What is expected :: Lines in which "modelo" appears should be pulled from the data below.

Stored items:
================================

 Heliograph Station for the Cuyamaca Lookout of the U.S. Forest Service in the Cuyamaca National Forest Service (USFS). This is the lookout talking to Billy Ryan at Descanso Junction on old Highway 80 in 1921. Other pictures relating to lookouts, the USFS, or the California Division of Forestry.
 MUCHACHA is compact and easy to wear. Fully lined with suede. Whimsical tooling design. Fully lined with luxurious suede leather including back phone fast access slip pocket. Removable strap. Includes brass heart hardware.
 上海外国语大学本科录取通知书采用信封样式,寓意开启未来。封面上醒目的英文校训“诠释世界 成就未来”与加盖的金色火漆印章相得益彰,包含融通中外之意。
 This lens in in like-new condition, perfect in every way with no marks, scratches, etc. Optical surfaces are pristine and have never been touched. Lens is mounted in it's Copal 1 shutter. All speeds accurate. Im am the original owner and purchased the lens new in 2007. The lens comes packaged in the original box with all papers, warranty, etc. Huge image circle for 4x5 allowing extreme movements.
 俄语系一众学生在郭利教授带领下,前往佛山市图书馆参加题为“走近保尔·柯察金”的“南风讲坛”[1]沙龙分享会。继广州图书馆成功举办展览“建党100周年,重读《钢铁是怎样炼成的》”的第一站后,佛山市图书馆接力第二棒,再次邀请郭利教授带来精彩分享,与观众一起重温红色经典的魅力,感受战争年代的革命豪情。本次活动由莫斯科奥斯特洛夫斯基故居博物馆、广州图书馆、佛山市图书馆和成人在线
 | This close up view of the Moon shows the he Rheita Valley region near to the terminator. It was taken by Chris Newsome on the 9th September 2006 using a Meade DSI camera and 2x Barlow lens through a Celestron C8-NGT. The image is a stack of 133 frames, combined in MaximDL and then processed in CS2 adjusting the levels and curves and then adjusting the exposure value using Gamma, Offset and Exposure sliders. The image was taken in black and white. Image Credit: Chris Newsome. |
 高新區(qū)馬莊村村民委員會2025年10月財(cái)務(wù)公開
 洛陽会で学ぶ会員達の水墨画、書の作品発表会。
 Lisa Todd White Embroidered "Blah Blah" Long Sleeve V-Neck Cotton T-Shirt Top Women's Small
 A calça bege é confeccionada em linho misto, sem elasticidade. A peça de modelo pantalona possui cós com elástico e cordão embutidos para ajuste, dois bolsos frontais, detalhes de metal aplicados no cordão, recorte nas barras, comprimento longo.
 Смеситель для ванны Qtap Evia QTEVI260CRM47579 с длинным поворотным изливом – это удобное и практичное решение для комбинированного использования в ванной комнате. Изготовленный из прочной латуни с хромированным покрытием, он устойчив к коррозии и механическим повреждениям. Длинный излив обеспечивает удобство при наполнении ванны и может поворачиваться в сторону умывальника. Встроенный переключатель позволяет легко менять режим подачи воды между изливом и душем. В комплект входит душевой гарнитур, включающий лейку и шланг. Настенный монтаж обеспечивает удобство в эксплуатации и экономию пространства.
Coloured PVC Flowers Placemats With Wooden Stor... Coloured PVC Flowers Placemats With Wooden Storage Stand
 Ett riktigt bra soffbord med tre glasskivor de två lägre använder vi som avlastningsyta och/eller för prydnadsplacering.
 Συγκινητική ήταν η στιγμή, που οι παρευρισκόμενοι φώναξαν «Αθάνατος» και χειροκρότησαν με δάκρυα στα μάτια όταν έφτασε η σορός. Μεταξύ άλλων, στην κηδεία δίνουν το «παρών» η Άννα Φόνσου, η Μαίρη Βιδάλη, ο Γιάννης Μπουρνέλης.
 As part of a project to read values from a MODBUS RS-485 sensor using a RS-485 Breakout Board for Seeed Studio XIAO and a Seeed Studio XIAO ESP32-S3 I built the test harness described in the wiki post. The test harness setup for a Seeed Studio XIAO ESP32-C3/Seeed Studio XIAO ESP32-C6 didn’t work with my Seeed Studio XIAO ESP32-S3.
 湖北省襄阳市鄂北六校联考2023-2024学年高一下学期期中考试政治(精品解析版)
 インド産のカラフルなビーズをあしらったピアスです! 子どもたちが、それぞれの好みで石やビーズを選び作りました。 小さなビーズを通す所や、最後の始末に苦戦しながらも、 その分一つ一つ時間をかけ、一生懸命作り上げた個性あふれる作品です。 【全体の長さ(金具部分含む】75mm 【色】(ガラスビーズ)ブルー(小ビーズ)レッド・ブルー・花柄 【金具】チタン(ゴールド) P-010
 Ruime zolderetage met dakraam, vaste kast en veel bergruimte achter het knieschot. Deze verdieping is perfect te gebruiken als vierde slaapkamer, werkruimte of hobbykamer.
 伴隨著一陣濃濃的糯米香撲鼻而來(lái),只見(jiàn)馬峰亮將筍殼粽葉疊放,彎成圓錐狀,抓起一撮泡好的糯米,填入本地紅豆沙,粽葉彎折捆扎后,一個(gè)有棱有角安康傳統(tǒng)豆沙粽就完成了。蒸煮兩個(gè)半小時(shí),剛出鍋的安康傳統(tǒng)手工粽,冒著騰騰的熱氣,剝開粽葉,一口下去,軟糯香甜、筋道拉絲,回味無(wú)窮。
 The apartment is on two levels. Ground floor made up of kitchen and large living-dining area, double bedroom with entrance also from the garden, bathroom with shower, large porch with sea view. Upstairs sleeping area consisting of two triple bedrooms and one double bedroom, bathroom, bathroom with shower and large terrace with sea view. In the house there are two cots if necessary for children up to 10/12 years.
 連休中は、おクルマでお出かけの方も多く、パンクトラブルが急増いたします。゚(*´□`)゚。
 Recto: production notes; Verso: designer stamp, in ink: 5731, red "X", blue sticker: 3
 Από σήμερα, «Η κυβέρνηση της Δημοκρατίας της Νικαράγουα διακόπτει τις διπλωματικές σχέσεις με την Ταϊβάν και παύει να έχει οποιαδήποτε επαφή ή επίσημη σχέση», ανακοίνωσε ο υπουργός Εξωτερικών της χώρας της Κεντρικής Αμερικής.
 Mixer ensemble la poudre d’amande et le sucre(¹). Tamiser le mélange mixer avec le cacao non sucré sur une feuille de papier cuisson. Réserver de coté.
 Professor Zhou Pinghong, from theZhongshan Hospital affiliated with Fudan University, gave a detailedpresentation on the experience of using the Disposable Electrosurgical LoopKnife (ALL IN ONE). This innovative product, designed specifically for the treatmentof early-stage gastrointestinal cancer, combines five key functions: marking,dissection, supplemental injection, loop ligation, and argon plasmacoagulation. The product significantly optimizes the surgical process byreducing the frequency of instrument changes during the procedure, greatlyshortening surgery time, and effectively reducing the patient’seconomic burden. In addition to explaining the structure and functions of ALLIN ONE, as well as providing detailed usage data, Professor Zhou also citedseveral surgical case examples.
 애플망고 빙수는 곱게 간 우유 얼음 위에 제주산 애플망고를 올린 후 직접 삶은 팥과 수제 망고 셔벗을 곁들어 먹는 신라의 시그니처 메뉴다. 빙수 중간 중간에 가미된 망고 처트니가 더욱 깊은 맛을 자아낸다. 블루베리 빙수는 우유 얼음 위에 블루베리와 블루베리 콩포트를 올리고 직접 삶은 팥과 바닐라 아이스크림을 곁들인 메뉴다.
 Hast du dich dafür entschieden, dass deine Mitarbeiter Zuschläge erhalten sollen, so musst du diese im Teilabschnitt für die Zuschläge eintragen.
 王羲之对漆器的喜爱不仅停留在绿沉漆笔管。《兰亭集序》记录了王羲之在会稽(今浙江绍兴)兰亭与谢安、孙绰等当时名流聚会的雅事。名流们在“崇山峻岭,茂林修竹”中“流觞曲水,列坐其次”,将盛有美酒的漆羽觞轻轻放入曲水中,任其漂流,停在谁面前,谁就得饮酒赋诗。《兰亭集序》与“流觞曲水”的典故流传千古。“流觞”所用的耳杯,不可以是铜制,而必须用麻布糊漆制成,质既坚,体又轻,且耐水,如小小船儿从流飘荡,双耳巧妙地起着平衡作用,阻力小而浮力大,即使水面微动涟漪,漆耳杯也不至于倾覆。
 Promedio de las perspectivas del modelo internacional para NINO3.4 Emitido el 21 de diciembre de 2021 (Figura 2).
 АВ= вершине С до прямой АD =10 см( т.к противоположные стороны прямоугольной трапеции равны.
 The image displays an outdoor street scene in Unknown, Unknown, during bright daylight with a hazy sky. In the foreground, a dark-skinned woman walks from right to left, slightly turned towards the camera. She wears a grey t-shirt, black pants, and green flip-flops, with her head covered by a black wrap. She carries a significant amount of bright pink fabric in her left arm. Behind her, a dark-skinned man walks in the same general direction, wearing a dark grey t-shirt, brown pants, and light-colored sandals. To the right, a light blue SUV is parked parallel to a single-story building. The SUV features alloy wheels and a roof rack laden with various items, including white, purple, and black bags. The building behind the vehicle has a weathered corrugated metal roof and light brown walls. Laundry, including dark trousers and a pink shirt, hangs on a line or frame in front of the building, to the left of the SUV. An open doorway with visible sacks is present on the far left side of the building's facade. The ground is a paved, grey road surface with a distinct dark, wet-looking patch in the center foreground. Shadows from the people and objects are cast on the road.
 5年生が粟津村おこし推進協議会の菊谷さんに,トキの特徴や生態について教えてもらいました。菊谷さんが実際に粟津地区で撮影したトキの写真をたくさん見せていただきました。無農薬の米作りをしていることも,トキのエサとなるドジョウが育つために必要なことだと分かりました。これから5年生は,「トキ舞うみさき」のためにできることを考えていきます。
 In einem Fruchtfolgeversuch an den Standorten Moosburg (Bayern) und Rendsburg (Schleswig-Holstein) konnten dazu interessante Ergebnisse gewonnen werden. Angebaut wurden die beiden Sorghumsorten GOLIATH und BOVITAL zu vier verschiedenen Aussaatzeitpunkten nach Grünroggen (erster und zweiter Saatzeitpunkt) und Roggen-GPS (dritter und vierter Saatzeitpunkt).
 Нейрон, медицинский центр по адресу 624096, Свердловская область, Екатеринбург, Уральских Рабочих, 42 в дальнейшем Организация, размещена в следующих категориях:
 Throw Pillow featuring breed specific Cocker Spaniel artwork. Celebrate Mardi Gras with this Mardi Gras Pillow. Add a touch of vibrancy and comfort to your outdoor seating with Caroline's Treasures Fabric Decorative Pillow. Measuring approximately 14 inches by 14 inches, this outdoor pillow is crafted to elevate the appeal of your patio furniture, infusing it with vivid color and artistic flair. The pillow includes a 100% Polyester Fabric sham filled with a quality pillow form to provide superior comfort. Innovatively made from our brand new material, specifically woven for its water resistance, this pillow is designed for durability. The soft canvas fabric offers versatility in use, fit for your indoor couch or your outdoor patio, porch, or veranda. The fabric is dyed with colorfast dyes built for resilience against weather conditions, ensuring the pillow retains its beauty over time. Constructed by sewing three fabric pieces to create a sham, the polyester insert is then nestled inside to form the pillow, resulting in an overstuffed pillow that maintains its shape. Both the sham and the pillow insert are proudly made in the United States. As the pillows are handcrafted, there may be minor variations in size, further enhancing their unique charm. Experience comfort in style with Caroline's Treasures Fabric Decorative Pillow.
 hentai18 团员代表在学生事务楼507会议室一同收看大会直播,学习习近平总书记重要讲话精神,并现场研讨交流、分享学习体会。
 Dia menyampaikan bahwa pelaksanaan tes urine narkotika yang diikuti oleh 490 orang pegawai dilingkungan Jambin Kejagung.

================================

Written solution ::
 A calça bege é confeccionada em linho misto, sem elasticidade. A peça de modelo pantalona possui cós com elástico e cordão embutidos para ajuste, dois bolsos frontais, detalhes de metal aplicados no cordão, recorte nas barras, comprimento longo.
 Promedio de las perspectivas del modelo internacional para NINO3.4 Emitido el 21 de diciembre de 2021 (Figura 2).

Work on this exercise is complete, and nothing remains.